Tymczasem, gdyby wstał od biurka lub wysłał kogoś w teren, zapewne by się dowiedział, że to nie „zwyczajne zabójstwo”, a dość przypadkowa śmierć jednego z najsłynniejszych przestępców w mieście. Ta śmierć jest dla Baltimore wstrząsem, który pociągnie za sobą potężne konsekwencje. Dziennikarze nie mają jednak o tym pojęcia. Są zbyt zajęci sami sobą, walką o sławę, pogrążeni w oderwanych od rzeczywistości dyskusjach, poddawani politycznym naciskom i osaczani przez biznes. Nie widzą miejskiego życia, którego relacjonowanie powinno być ich misją, odrywają się od swoich Czytelników.

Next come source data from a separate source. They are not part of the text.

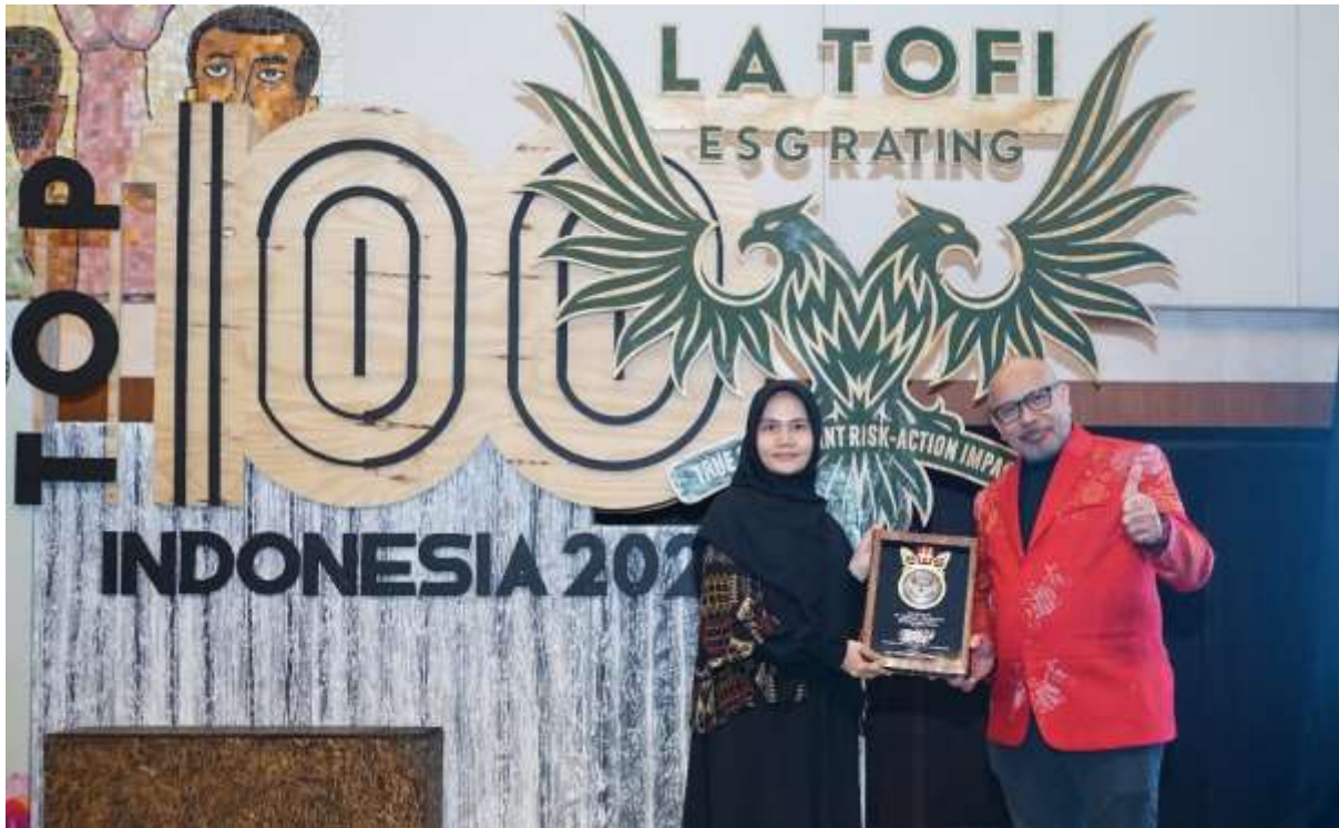
PT Pertamina Retail
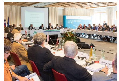
Alpenkonferenz 2016

Bei der Konferenz wurde die Präsidentschaft der Alpenkonvention von Deutschland an Österreich übergeben. Hauptthemen und Beschlüsse der Konferenz betrafen das „ Grüne Wirtschaften “, das Mehrjährige Arbeitsprogramm 2017-22 (MAP) , EUSALP , aber auch die Leitlinien bzw. Handlungsempfehlungen des Überprüfungsausschusses zur Auslegung von Art. 6 (3) des Tourismusprotokolls sowie Art. 11(1) des Naturschutzprotokolls , die nun praktischen
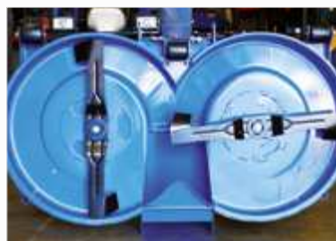
MAAIDEK MET GESYNCHRONISEERDE MESSEN
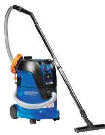
AERO 26 L
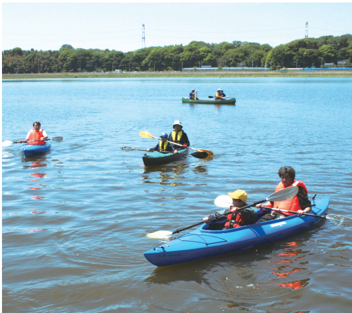
▲春の手賀沼でカヌー体験を楽しむ人々

Enjoy手賀沼!は、一人ひとりがふるさと手賀沼とのかかわりを感じながら楽しく一日を過ごすというイベントです。楽しい企画をたくさん用意して皆さんをお待ちしています。
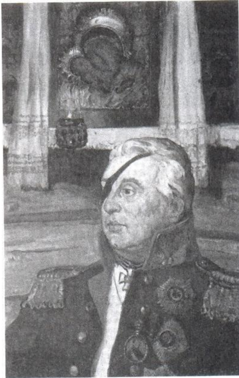
Генерал-фельдмаршал М. И. Кутузов
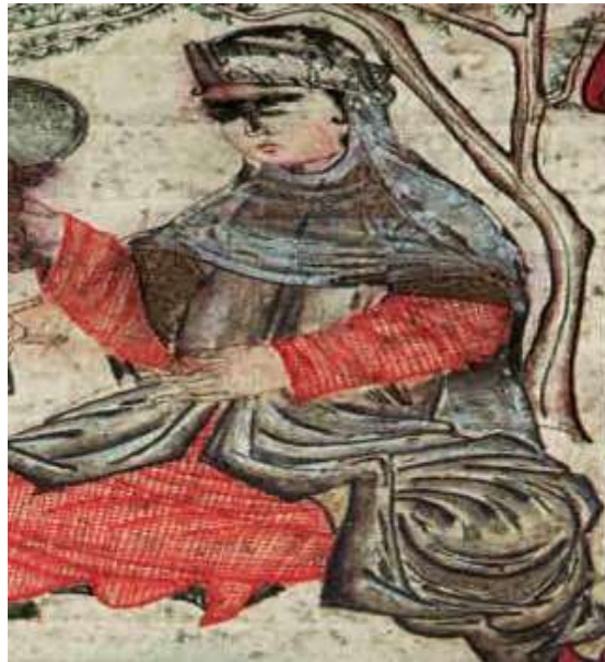
تصویر ۱۱: قمیص و قبا، جامع‌التواریخ، نیمه اول سده هشتم ق، برگرفته از (تجویدی، ۱۳۷۵: ۷۲).

در شعر حافظ کمربندی که بر روی قبا بسته می‌شد قَصَب نامیده شده است:
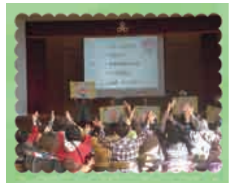
認知症声かけ訓練
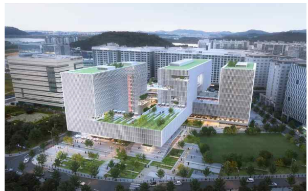
< 현상설계 공모 당선작 >
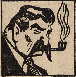
Prezydent Skandynawii Stalinsen

Simon stworzył serial w momencie, gdy prasa papierowa jeszcze nie chyliła się ku upadkowi. Dziś spadki czytelnictwa „papieru” są widoczne gołym okiem. Nie ma tajemnicy - czasy, gdy „Dziennik Polski" i "Gazetę Krakowską” kupowało w kioskach nawet i 100 tysięcy osób minęły bezpowrotnie. Większość z Państwa także przeczyta ten felieton z poziomu swojej komórki. Dziś rolą dziennikarzy jest więc oprócz pisania o ważnych sprawach także ciągłe szukanie odpowiedzi, jak w gąszczu informacji, dezinformacji i chłamu bez wartości „przebić się” do Czytelnika. Tego Czytelnika, który w zalewie powiadomień, nieodebranych połączeń, ciągłego rozproszenia uwagi zwyczajnie nie ma czasu, a coraz częściej i umiejętności, by znaleźć i przeczytać tekst dłuższy niż wpis na twitterze. Jeśli doczytaliście Państwo dotąd, to świetnie, bo to więcej niż dziesięć razy tyle (3000 znaków).
Co jednak łączy opis redakcji z „The Wire” z dzisiejszymi mediami? Cóż, w simonowskim „Baltimore Sun” widać preludium do sytuacji, z jaką mamy dziś do czynienia powszechnie. Śmieciowa wiadomość wypiera rzetelną informację, pracownicy mediów biją się o nic nieznaczące nagrody, wreszcie zajmują się bardziej własną karierą i realizowaniem politycznych i biznesowych podszeptów niż sprawami lokalnej społeczności. Cieszę się dostając sygnały, że ani "Dziennik Polski" ani „Gazeta Krakowska” według Państwa takie nie są. To dla nas największa nagroda, nie zamierzamy się zmieniać.